New Scientist Enigma 581 – Trail Blazing Cards
by Keith Austin
From Issue #1734, 15th September 1990
We spent the day camped at the entrance to Apache Pass waiting for the cover of darkness. I passed the time playing cards with a grizzly old prospector, using a pack given him by Billy the Kid.

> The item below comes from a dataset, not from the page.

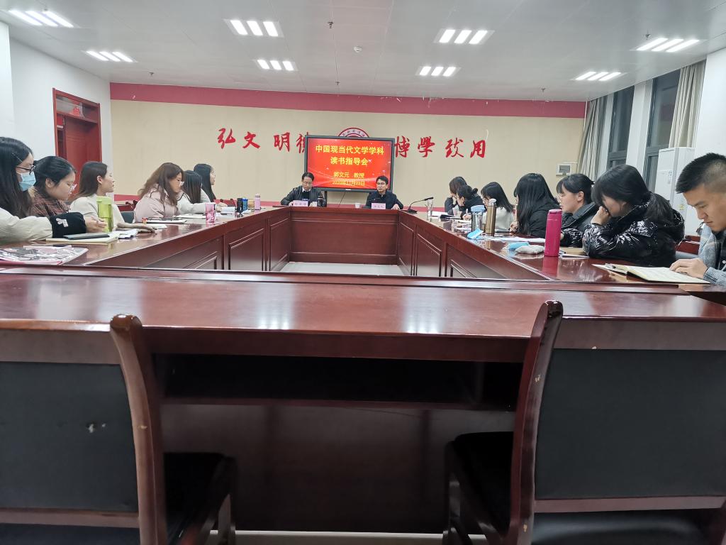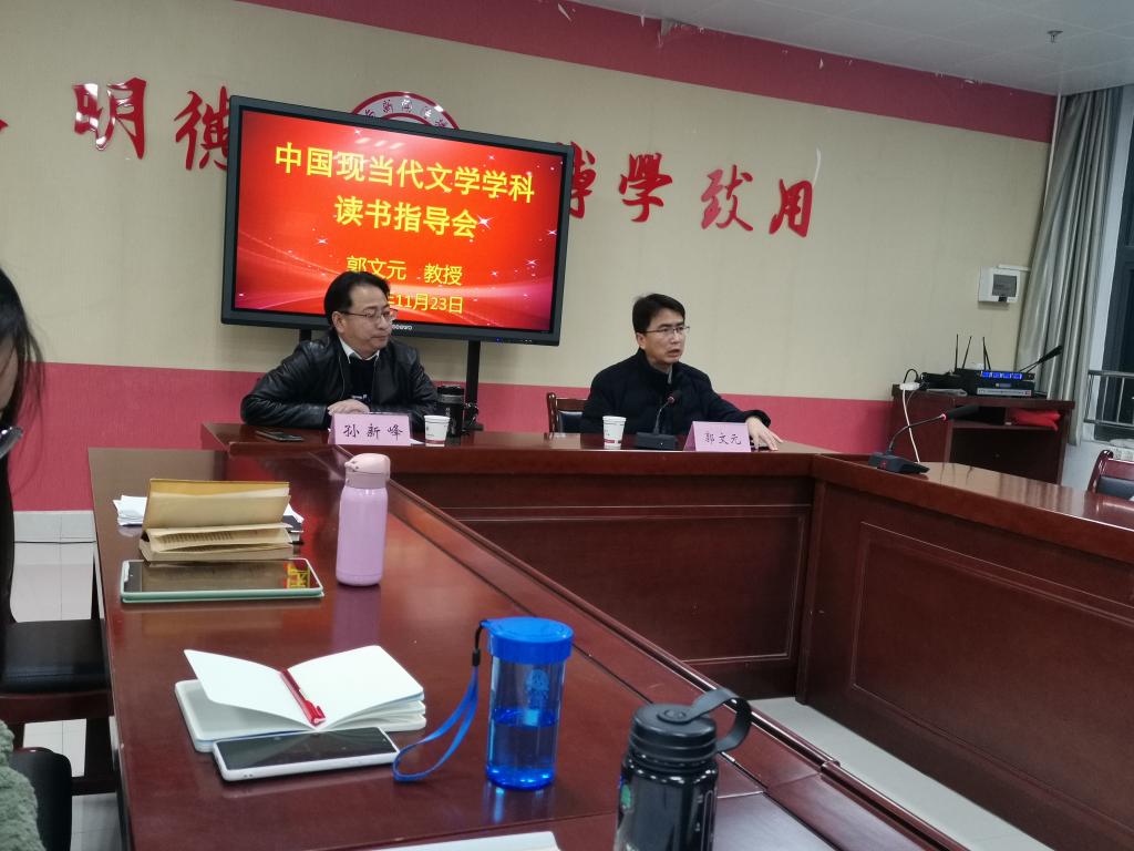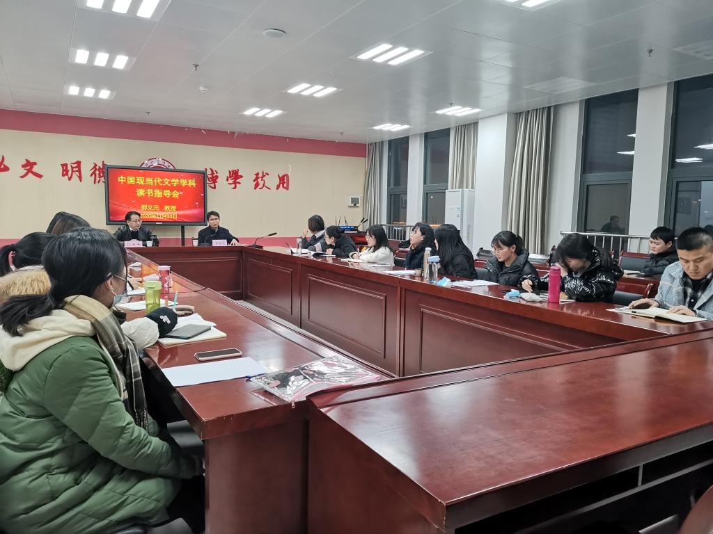 2020年11月23日晚,为检阅入学以来研究生读专业书情况,公司中国现当代文学学科在博文楼1401会议室举办第一次“中国现当代文学学科读书指导会”。中国现当代文学学科带头人郭文元教授率先做了读书、研究等学业方法指导。会议由副经理孙新峰主持。全院2019级、2020级所有在读的现当代文学学科学术硕士研究生参加了会议。

He took the spades from ace to ten and laid them in a row so:
6 2 9 7 3 10 8 1 4 5
where 1 is the ace.
“That’s the order Wyatt Earp dealt me just before the gunfight at the OK Corral. You can exchange any to cards provided the numbers on them are consecutive but the cards are not next to each other. For example, you can exchange the 7 and the 8, or the 2 and the 3, but not the 4 and the 5”.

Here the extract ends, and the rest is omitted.